Hello everyone,
I currently use a workflow for NGS without UMIs that looks like this upstream:
a. Fastqs
b. Remove sequence adapters
c. Alignment using BWA MEM
d. Index bam
e. Picard MarkDuplicates to remove duplicate reads
f. Recalibrate bam
g. CollectHSMetrics
h. Variant calling tools downstream.
However, now I am trying to modify the above pipeline to include UMI and the workflow suggested to me was:
- Fastqs to unaligned bams
- Extract UMI bases as an unaligned BAM tag
- Unaligned BAM to Fastq
- Alignment using BWA MEM
- Merge aligned BAM with unaligned BAM that contains UMI tags
- Group reads by UMI
- Call consensus reads
- Align duplex consensus reads (unaligned consensus reads to Fastq & alignment using BWA MEM)
- CollectHSMetrics
I am having trouble understanding how I would merge both these workflows together (order of steps to follow). Would a combined workflow look something like this?

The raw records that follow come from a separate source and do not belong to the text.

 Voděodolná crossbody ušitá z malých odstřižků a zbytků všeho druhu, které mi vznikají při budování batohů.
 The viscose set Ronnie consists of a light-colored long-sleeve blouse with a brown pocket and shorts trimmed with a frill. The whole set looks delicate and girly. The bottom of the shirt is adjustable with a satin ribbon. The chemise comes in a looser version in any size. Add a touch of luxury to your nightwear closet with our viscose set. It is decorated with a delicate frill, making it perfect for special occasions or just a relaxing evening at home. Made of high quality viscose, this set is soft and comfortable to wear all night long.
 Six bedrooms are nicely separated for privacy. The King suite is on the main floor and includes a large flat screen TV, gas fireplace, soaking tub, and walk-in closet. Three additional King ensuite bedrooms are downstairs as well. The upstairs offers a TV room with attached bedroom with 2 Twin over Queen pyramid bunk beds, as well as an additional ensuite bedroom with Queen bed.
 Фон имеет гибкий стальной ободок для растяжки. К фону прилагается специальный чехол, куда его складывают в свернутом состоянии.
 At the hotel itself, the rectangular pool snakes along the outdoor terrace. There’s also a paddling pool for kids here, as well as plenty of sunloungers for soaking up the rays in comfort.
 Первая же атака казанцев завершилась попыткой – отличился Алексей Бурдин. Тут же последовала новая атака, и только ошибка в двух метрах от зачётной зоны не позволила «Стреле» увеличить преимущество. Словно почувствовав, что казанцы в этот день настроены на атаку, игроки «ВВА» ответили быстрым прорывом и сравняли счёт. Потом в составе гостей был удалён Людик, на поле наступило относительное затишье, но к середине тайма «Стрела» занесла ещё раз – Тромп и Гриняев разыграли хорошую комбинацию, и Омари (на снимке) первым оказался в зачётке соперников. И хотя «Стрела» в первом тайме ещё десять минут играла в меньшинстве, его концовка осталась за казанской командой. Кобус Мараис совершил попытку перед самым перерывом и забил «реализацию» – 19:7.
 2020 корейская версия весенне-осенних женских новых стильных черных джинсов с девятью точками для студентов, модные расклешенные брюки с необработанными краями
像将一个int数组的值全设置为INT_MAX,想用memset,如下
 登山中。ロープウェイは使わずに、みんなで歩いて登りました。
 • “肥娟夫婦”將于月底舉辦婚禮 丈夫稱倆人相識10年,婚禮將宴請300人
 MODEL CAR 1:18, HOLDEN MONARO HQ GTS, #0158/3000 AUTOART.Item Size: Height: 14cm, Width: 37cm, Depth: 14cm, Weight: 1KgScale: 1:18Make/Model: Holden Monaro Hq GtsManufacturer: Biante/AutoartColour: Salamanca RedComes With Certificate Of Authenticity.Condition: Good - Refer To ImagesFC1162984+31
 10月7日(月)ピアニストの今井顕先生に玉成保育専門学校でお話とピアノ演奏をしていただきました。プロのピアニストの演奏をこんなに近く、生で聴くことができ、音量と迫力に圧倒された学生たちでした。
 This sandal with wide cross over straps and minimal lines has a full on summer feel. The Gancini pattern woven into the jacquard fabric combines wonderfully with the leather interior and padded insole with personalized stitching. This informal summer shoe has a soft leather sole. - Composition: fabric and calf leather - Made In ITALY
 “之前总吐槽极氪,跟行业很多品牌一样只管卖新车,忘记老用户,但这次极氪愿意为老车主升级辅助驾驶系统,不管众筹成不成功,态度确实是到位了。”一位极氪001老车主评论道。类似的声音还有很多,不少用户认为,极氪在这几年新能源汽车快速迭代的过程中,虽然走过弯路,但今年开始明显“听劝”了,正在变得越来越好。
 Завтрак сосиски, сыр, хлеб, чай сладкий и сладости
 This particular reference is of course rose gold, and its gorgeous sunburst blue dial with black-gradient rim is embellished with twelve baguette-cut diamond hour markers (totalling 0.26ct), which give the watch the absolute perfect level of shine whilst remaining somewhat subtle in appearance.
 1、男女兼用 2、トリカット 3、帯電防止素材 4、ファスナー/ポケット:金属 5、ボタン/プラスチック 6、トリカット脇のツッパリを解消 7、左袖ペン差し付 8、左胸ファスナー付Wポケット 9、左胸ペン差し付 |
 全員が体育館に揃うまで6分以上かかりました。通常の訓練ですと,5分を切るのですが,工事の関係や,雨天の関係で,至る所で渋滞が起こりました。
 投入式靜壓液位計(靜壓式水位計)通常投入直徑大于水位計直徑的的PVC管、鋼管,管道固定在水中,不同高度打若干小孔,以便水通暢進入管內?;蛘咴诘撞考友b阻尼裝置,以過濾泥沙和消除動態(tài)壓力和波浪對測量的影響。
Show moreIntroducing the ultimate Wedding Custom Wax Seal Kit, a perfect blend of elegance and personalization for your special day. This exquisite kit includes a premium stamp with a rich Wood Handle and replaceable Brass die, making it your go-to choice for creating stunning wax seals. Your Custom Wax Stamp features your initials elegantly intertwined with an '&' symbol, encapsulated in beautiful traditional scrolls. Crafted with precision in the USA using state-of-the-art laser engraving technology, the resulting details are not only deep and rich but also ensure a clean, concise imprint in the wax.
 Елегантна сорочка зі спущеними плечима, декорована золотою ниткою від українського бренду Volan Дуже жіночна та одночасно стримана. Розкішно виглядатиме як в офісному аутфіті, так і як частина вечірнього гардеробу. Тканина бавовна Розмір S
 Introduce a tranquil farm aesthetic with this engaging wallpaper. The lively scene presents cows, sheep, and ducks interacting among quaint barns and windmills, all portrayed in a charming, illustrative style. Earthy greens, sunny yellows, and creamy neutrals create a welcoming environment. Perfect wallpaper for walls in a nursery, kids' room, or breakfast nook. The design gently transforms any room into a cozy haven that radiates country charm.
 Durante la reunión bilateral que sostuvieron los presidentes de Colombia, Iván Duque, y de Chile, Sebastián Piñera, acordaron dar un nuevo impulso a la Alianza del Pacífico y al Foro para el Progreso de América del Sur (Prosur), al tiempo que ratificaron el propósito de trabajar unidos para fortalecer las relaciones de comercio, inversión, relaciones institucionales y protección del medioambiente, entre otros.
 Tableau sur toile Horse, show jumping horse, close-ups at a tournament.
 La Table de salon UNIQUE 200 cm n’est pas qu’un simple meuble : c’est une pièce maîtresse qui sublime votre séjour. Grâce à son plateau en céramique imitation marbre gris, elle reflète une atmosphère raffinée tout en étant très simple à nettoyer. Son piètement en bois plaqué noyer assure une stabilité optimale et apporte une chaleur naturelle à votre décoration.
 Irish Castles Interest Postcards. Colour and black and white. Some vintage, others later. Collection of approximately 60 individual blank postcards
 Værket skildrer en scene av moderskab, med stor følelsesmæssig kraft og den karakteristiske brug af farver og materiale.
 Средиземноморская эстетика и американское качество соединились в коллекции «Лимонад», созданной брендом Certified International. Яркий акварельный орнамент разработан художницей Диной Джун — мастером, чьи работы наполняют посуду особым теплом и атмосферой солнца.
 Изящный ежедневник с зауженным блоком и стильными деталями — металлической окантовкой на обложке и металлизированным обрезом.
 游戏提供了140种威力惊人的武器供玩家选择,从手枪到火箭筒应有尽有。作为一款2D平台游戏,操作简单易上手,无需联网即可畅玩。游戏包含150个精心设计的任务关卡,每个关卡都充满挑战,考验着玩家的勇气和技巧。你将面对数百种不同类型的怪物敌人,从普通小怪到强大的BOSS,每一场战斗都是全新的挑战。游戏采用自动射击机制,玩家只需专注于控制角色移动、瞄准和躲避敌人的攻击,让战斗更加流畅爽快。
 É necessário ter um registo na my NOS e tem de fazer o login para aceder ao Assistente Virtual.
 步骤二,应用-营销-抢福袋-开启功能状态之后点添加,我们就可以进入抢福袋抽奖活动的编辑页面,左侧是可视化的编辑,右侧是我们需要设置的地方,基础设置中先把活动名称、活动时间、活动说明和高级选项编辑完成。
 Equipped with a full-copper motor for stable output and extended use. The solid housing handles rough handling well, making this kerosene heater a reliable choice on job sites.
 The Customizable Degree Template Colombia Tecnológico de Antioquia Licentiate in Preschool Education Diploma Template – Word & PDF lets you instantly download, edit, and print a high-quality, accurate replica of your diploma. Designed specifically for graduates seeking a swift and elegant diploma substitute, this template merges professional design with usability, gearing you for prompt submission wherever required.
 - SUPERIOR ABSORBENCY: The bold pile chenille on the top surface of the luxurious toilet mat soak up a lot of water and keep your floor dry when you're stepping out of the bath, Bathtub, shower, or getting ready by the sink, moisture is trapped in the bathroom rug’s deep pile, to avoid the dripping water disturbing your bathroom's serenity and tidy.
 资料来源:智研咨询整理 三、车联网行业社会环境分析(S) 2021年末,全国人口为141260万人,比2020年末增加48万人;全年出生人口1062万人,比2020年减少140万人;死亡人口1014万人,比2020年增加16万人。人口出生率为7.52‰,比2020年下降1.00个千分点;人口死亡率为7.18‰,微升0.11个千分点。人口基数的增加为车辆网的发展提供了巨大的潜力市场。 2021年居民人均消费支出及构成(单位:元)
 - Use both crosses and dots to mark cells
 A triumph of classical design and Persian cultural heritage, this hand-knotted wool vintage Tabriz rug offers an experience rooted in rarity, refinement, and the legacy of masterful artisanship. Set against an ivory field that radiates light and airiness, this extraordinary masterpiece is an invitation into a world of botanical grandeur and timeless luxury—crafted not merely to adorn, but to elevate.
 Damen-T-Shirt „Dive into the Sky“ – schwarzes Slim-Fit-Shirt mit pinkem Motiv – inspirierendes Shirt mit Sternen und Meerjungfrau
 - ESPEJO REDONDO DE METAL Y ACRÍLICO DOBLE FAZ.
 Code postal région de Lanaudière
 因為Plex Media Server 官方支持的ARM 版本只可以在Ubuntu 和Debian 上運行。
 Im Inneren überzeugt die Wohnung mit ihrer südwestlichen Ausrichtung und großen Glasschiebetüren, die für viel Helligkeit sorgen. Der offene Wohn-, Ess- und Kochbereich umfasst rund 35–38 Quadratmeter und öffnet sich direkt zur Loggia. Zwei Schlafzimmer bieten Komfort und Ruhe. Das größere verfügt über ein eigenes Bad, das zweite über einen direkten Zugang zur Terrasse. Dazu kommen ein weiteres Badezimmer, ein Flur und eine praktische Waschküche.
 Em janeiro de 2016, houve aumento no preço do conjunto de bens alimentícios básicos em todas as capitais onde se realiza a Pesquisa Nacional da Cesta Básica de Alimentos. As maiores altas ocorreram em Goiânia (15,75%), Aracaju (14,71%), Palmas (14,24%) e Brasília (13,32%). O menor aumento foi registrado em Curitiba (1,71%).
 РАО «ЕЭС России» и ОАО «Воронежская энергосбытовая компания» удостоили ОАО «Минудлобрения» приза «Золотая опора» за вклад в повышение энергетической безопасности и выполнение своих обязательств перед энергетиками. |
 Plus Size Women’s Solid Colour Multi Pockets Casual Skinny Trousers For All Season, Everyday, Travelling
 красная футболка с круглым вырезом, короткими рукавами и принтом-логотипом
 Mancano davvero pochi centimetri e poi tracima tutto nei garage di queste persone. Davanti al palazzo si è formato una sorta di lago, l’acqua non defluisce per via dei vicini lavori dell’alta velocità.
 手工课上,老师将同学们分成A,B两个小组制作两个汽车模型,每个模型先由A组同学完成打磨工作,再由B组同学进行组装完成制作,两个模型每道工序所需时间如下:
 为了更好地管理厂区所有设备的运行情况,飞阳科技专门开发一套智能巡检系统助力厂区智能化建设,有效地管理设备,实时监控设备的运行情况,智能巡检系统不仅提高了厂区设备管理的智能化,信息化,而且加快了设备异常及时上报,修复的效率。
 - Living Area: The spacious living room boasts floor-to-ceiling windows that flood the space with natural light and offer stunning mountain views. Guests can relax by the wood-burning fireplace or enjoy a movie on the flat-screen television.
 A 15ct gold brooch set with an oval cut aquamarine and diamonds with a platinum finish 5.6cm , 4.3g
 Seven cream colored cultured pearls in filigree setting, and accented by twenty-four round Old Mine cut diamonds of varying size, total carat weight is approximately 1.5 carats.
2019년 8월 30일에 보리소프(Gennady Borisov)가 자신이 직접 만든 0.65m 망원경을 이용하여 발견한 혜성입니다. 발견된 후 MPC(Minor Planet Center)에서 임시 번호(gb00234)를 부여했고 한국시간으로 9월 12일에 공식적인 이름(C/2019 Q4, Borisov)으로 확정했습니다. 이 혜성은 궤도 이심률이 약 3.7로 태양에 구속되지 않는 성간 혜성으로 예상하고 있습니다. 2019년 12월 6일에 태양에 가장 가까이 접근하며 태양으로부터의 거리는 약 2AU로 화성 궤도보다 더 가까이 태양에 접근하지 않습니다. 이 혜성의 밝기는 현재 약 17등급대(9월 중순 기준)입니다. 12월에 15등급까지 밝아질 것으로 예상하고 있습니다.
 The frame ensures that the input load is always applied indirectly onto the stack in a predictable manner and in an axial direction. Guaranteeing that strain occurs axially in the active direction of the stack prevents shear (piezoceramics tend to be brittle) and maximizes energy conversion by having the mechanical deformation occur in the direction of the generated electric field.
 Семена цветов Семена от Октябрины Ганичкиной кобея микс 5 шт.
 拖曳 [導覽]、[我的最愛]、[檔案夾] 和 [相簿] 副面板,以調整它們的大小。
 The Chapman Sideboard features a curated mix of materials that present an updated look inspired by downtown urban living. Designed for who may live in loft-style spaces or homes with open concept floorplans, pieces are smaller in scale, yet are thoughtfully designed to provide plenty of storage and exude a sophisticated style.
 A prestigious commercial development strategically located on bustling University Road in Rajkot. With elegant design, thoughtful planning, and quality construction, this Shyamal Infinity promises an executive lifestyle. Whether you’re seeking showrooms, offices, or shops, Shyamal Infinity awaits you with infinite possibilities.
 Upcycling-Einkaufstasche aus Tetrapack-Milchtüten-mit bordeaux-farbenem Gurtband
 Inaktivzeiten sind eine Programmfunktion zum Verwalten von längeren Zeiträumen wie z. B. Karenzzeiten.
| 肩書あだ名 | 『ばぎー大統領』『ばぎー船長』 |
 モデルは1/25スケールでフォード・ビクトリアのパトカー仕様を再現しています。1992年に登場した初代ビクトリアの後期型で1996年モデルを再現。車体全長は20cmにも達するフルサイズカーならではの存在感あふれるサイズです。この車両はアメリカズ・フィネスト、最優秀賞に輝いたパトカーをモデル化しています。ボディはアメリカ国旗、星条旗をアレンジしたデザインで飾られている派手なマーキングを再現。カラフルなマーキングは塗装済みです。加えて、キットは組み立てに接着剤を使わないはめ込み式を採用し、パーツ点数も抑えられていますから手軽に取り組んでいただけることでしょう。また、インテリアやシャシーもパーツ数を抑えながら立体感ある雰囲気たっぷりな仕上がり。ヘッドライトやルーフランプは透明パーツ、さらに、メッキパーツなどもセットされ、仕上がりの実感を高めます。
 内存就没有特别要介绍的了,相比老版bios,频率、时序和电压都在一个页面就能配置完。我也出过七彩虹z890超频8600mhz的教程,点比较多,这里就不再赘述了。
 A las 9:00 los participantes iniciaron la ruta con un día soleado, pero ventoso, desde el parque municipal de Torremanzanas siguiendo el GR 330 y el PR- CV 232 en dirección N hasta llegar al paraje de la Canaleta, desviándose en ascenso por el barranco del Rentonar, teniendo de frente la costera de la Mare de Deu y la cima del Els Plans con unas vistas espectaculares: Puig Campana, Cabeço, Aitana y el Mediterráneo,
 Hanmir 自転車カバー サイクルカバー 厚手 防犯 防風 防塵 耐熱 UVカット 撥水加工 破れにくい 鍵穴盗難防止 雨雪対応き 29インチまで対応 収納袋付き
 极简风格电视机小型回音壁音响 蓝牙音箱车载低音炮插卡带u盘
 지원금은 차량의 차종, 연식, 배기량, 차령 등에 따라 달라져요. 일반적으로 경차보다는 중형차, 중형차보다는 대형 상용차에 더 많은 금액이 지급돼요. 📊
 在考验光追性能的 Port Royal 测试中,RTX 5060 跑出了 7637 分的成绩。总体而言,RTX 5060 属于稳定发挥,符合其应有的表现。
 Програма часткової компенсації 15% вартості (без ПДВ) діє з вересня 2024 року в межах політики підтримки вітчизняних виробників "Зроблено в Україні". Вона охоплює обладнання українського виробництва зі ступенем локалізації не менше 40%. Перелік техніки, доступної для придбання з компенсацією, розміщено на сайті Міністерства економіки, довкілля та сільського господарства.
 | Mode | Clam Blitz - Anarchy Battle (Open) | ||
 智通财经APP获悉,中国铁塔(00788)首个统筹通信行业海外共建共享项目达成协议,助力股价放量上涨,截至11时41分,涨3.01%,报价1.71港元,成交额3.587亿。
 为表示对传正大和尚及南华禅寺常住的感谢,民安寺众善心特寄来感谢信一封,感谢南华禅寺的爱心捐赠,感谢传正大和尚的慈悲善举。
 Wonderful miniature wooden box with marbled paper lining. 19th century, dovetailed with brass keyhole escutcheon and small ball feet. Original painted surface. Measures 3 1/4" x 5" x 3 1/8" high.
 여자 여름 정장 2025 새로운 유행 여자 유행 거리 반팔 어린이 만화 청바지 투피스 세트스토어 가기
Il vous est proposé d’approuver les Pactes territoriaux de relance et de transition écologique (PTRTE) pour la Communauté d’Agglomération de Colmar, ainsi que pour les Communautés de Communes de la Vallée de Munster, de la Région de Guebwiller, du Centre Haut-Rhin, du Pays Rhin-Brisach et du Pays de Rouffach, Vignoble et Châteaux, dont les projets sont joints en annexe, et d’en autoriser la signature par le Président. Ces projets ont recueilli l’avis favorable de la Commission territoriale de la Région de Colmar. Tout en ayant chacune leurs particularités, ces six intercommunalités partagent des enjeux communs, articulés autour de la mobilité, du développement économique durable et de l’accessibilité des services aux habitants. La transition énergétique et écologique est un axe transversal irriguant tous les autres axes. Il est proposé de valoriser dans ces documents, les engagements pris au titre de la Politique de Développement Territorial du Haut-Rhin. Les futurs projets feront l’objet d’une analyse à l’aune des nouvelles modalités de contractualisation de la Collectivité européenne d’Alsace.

- ( 1 ) Fastqs to unaligned bams
- ( 2 ) Extract UMI bases as an unaligned BAM tag
- ( 3 ) Unaligned BAM to Fastq
- ( b ) remove sequence adapters
- ( c/4 ) Alignment using BWA MEM
- ( d ) Index bam
- ( 5 ) Merge aligned BAM with unaligned BAM that contains UMI tags
- ( 6 ) Group reads by UMI
- ( 7 ) Call consensus reads
- ( 8 ) Align duplex consensus reads (unaligned consensus reads to Fastq & alignment using BWA MEM)
- ( f ) Recalibrate bam
- ( g/9 ) CollectHSMetrics
- ( h ) Variant calling tools downstream.
Any advice on how to proceed would be appreciated!
Thank you
I've reformatted your post so it's clearer to understand. Italics and bold without formatting were difficult to understand.